§ Provided information

=== Section Start ===

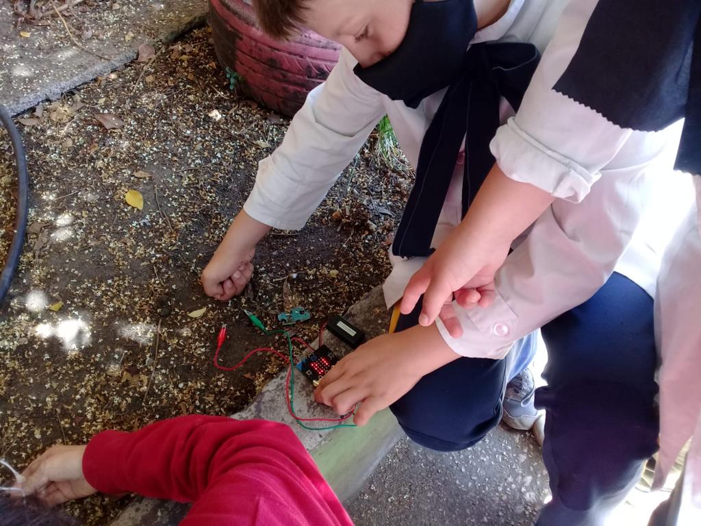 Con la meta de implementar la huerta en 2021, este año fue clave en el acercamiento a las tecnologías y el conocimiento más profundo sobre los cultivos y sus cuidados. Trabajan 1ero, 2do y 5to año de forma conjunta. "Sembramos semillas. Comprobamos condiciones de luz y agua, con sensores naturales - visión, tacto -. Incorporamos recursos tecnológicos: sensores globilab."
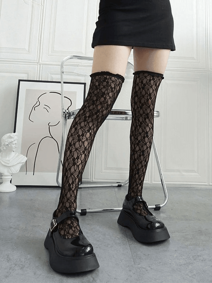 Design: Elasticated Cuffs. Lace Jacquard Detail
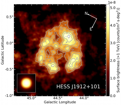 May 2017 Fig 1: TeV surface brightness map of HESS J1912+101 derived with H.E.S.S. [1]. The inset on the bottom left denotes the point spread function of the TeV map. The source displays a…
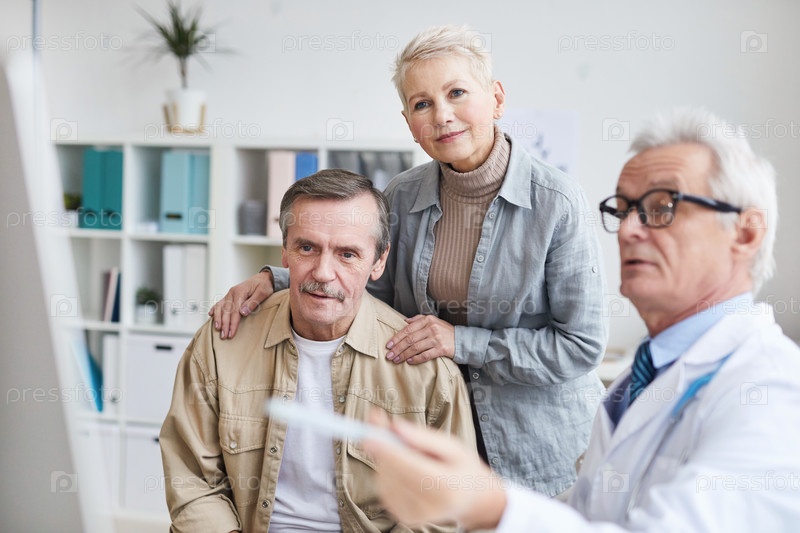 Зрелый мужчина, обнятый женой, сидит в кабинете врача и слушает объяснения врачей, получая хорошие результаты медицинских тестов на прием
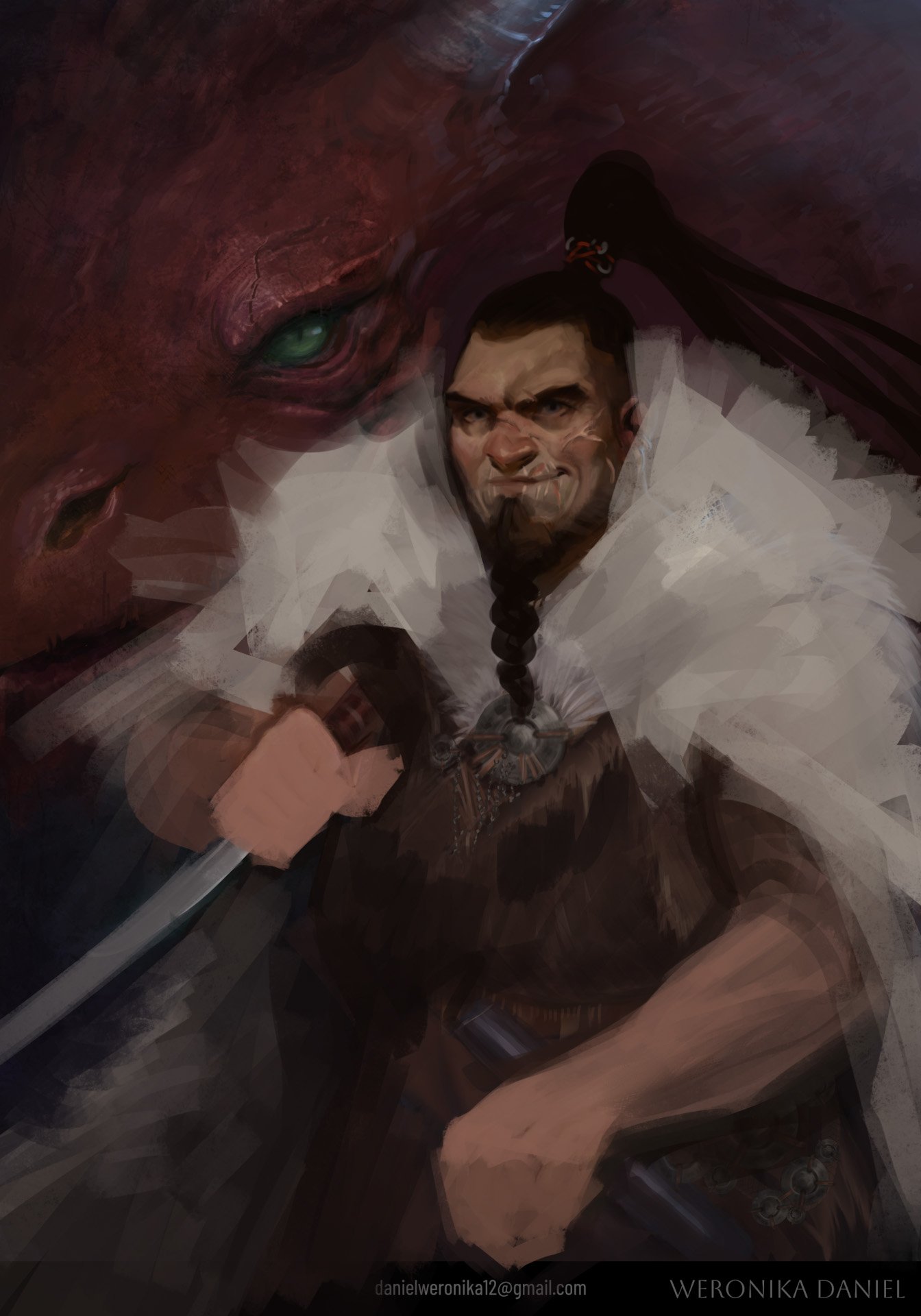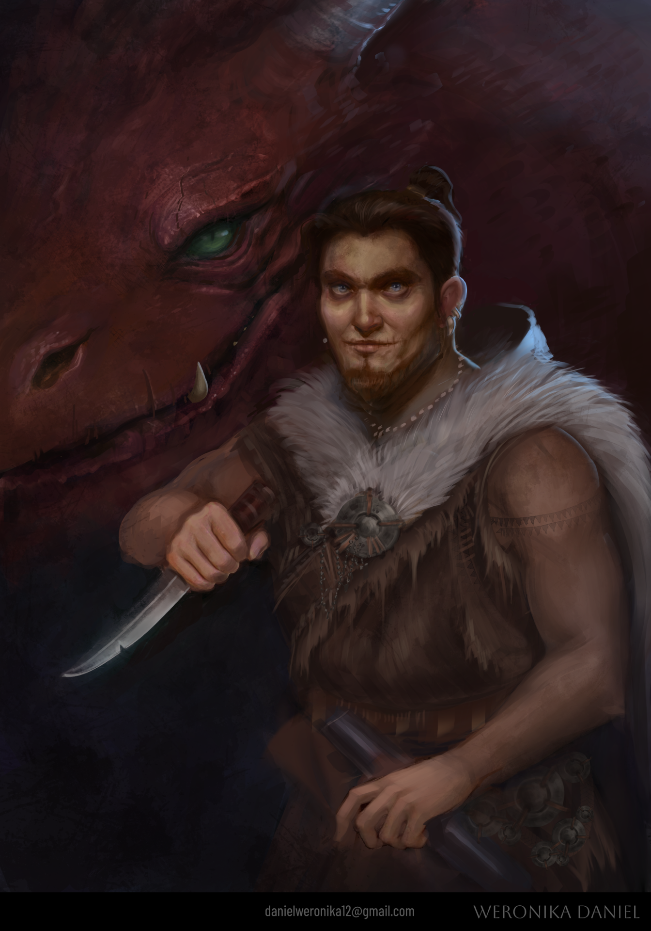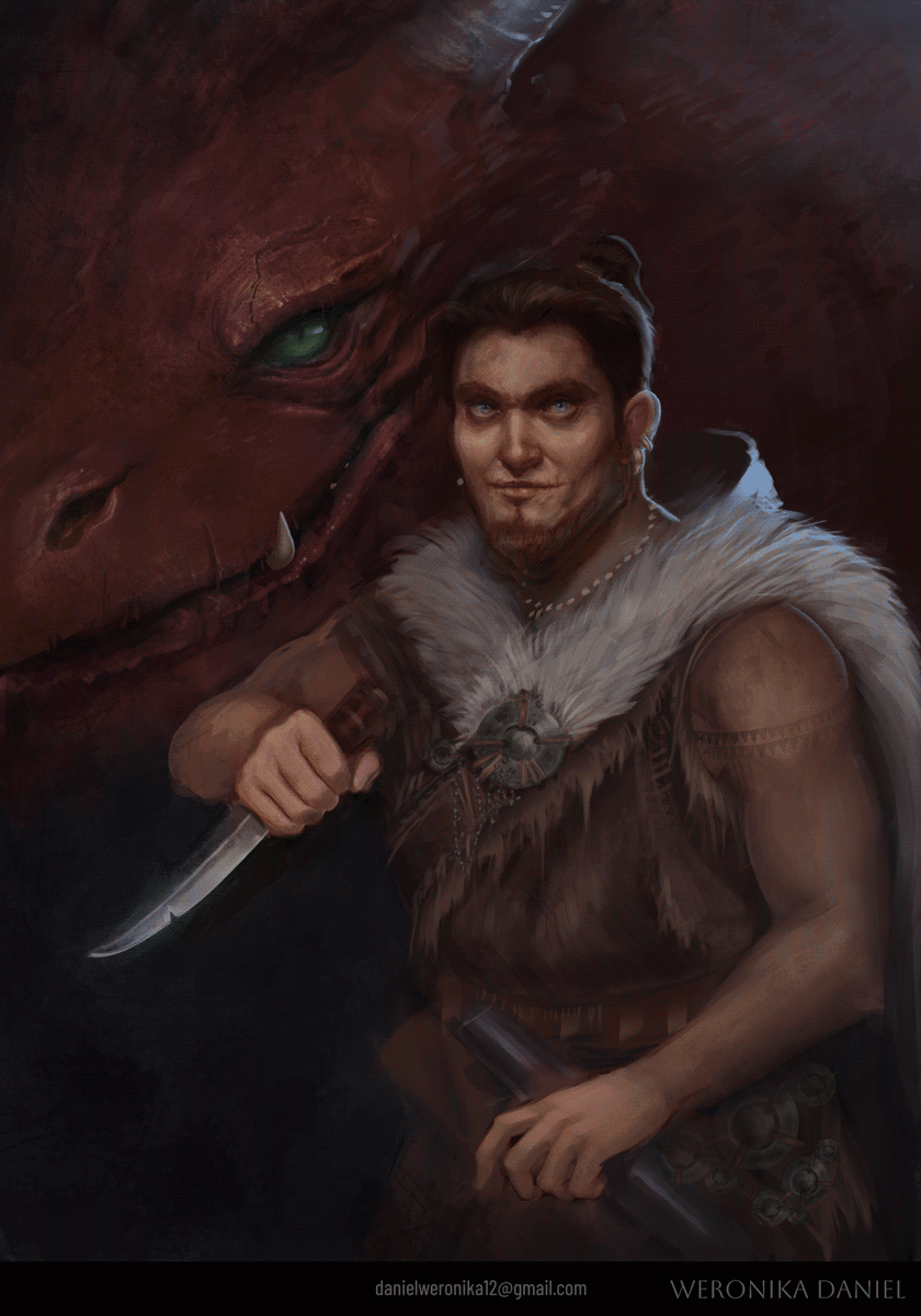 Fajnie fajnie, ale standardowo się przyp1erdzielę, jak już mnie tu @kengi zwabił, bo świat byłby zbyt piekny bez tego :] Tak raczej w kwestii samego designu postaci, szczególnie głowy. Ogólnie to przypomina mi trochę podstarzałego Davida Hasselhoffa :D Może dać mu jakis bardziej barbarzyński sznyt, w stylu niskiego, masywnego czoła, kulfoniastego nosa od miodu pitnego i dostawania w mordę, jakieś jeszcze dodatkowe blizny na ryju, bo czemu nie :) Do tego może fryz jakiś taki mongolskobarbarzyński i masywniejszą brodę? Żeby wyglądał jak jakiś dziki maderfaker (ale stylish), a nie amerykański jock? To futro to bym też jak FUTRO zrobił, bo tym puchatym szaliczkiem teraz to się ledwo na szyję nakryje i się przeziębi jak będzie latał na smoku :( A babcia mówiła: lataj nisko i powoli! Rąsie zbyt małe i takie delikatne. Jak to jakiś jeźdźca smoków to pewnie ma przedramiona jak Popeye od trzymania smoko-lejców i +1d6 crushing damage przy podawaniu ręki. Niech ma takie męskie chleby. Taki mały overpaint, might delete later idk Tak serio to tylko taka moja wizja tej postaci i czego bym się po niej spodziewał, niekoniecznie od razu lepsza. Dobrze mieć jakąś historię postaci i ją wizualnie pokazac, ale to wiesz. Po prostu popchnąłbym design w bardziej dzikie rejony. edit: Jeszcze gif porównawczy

=== Section End ===
=== Section Start ===

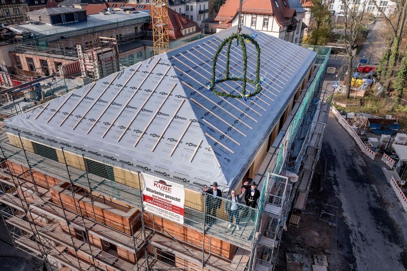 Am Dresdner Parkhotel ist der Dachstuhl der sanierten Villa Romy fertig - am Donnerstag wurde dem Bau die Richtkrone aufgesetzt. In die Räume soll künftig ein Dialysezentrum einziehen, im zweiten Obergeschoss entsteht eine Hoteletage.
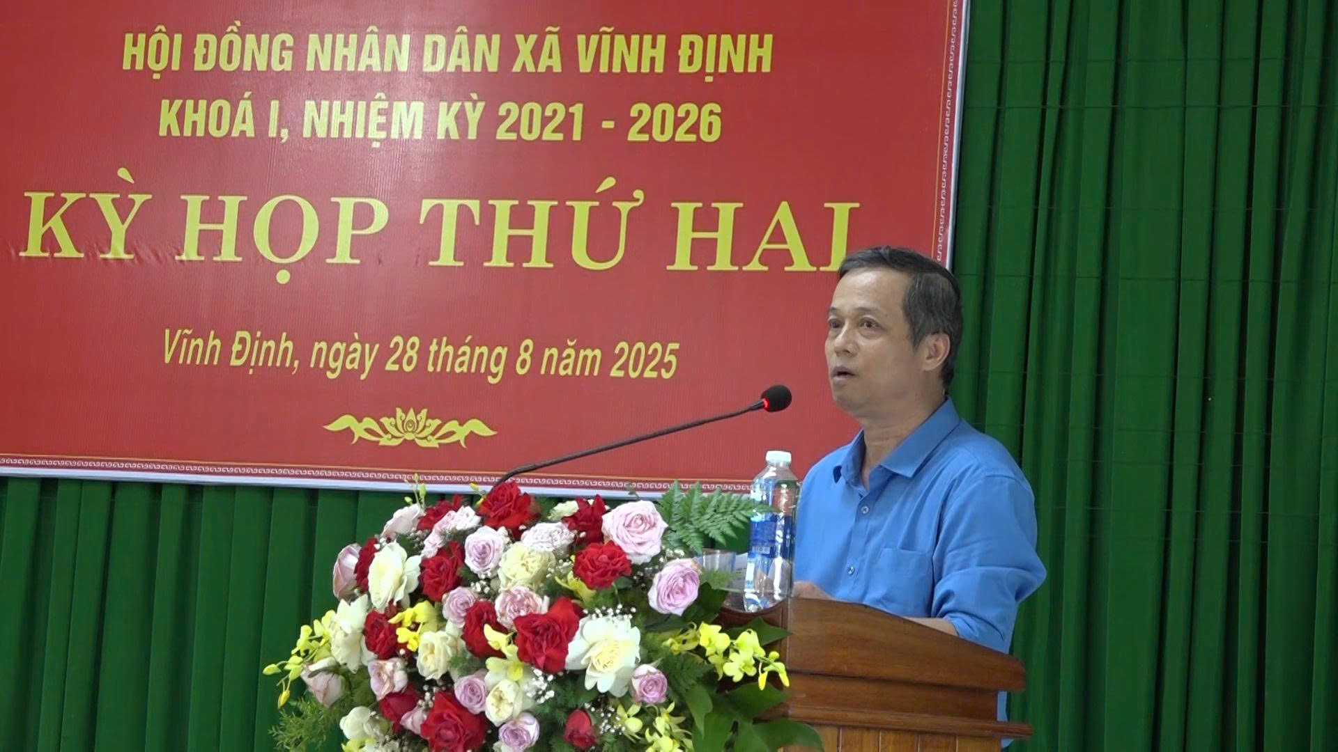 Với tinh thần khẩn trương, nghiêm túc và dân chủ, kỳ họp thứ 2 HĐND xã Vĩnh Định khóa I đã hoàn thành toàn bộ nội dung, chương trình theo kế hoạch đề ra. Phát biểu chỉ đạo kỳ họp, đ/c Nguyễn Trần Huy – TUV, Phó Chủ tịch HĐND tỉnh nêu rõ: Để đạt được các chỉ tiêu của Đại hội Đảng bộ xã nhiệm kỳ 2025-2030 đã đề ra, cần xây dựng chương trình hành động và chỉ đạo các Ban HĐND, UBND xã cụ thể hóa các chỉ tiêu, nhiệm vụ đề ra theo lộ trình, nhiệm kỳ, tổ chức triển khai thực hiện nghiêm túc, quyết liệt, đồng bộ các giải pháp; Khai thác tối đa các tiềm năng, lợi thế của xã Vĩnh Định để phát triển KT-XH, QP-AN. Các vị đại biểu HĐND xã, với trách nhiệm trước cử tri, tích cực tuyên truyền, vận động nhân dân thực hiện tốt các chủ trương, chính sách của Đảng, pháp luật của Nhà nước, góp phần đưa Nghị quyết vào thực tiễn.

=== Section End ===

§ Task description
Restate word for word every line from the one with "May 2017 Fig" up to and including the one with "Зрелый мужчина, обнятый" in the records above, minus the pictures.

§ Response below
 May 2017 Fig 1: TeV surface brightness map of HESS J1912+101 derived with H.E.S.S. [1]. The inset on the bottom left denotes the point spread function of the TeV map. The source displays a…
 Зрелый мужчина, обнятый женой, сидит в кабинете врача и слушает объяснения врачей, получая хорошие результаты медицинских тестов на прием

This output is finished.